Senators Diane Feinstein and Dick Durbin are attempting to narrow the definition of a journalist in the federal shield law under consideration by the Senate Judiciary Committee this morning. Their amendment would limit protection from testifying to professional journalists working for “a newspaper, book, magazine, or other periodical.” Not included: student journalists, amateur bloggers, or even freelancers working without a contract.

Markos Moulitsas had the news last night. I’ve been on the phone this morning with people who have worked on the bill, and the consensus is that Feinstein and Durbin are introducing the amendment out of national security concerns: If the shield law is too broad, they reason, it could afford protection to criminals and terrorists who claim the mantle of journalism. Neither senator’s office has returned my calls, and it’s not clear if the amendment will be adopted at today’s committee meeting.

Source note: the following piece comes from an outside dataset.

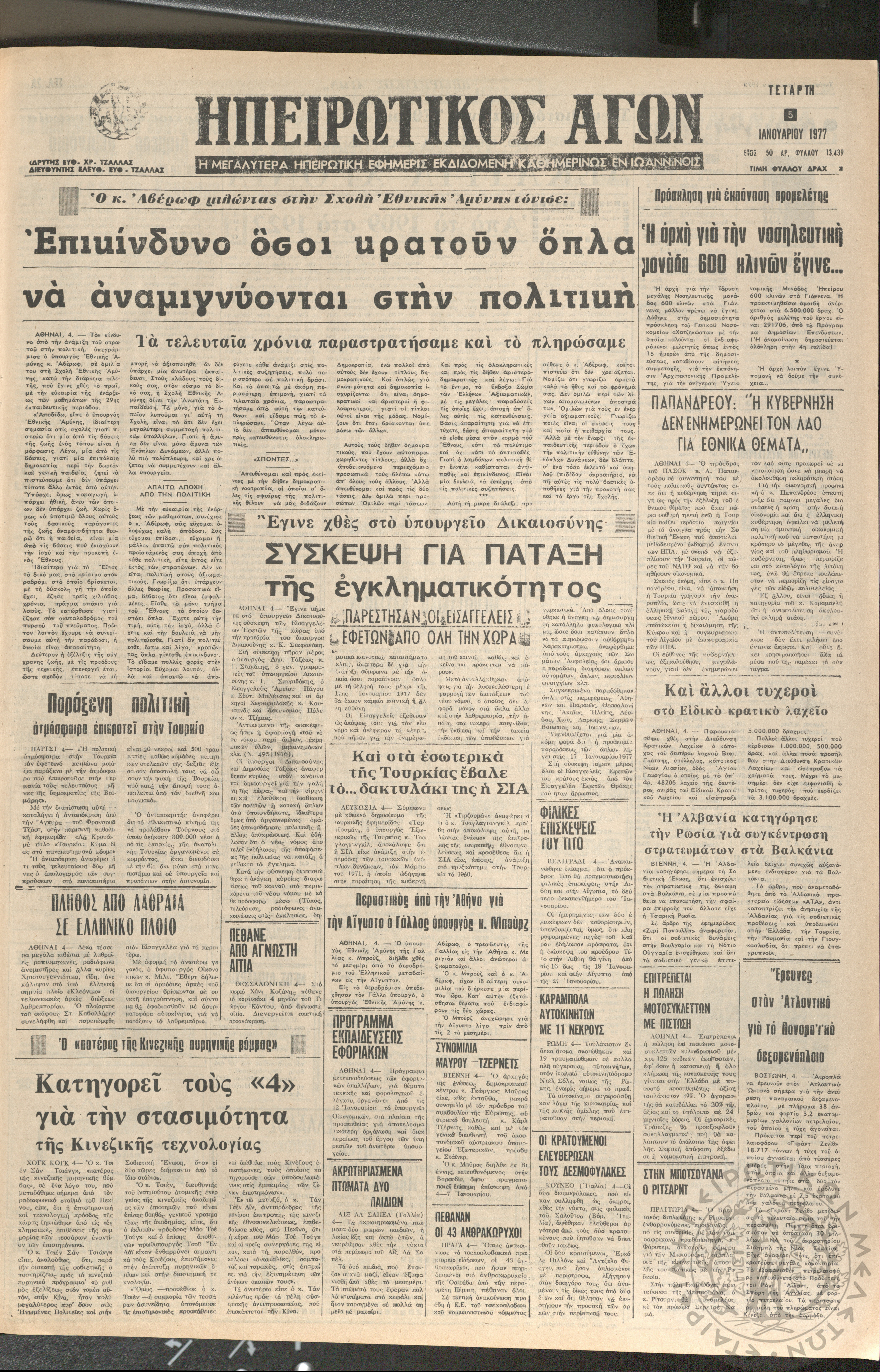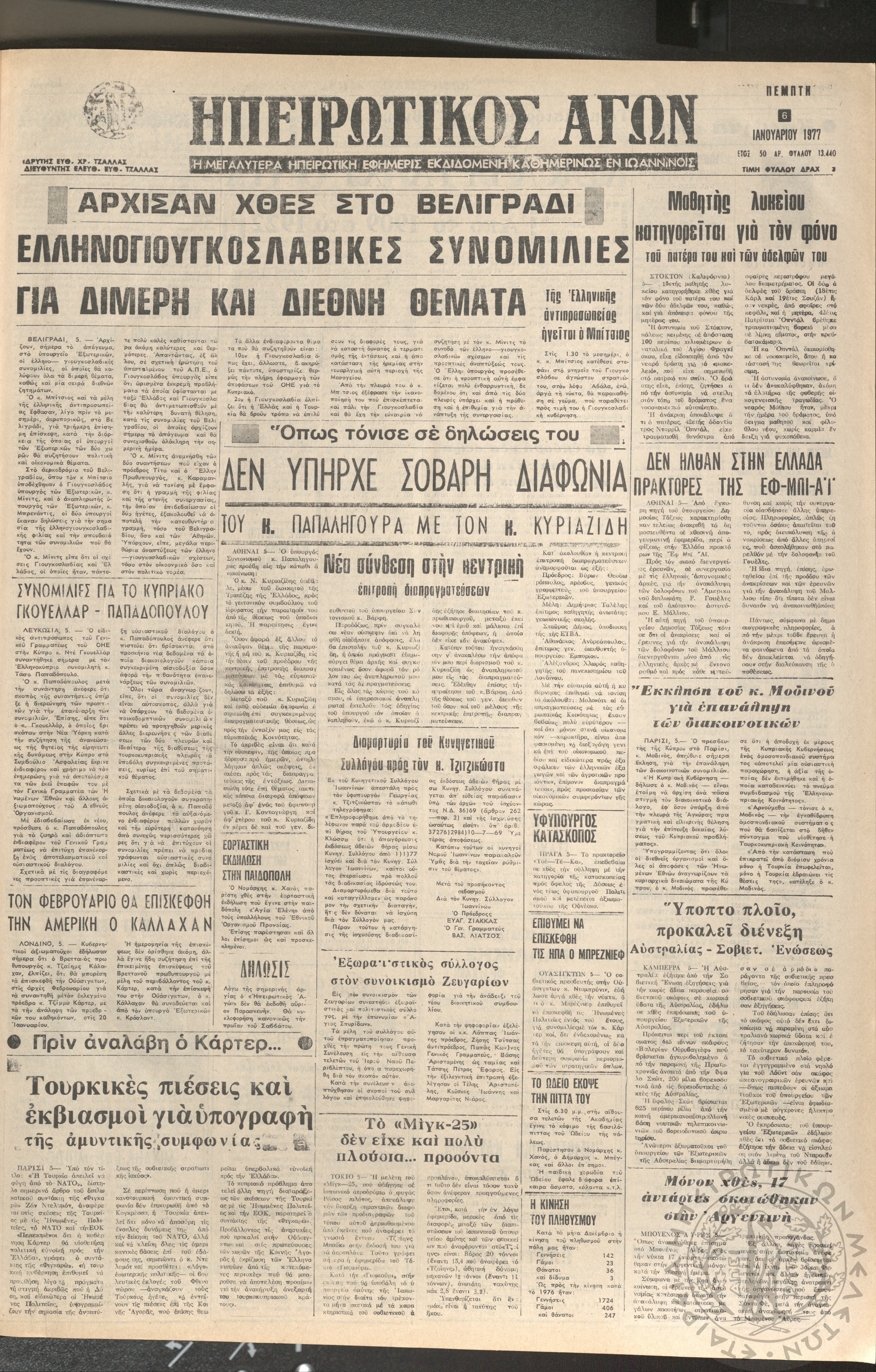 Ηπειρωτικός Αγών: η μεγαλυτέρα ηπειρωτική εφημερίς εκδιδόμενη καθημερινώς εν Ιωαννίνοις 1977 (φ. 13440)Έτος 50, φ. 13440...
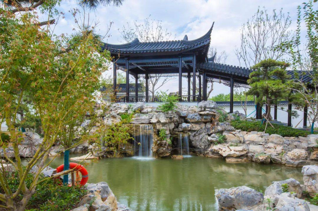 整个后花园围绕着别墅区和客房翼铺陈开来,湖泊、草坪、九曲廊、亭阁、假山、瀑布等等,江南园林拥有的元素在此都能觅到。叠石理水,移步换景,亭榭廊槛,宛转其间,若能在此听上一曲《游园惊梦》,更是极好的。

The version of the shield law already passed by the House (H. 985) defines a journalist in monetary terms, covering only those who gather and disseminate information “for a substantial portion of the person’s livelihood or for substantial financial gain.” The Senate has waffled between a similarly professional definition and one that would cover amateurs. The White House, which had dragged its feet on the shield law over national-security concerns, is said to support the broader definition.

A number of news-industry groups, including the Newspaper Association of America, are also supporting coverage for amateurs. Kevin Goldberg, general counsel for the American Society of News Editors, told me today: “There are already exemptions for national security in the bill. If the concern is that the guy holding the video camera for an Osama bin Laden tape is not going to have to testify, that’s a little far-fetched.”

Feinstein and Durbin have leverage here: “If those two really stick to this hard and say we won’t pass a bill without this langugage, they could make a lot of trouble because they are the swing Democrats on this bill,” Goldberg said. However, Senators Jon Kyl and Jeff Sessions, both Republicans, are the only members of the Senate Judiciary Committee who are known to oppose the bill in its entirety, so the support of Feinstein and Durbin may not be necessary.

Today’s committee meeting is underway, so we’ll see. In the meantime, you can read the proposed amendment below and try to parse who might or might not be covered. Goldberg said he’s concerned the language, in addition to excluding amateurs, could omit freelance reporters and photographers doing work without a contract. In addition, he said, “depending on how you define periodical, could exclude web-based publications like Slate and Salon.”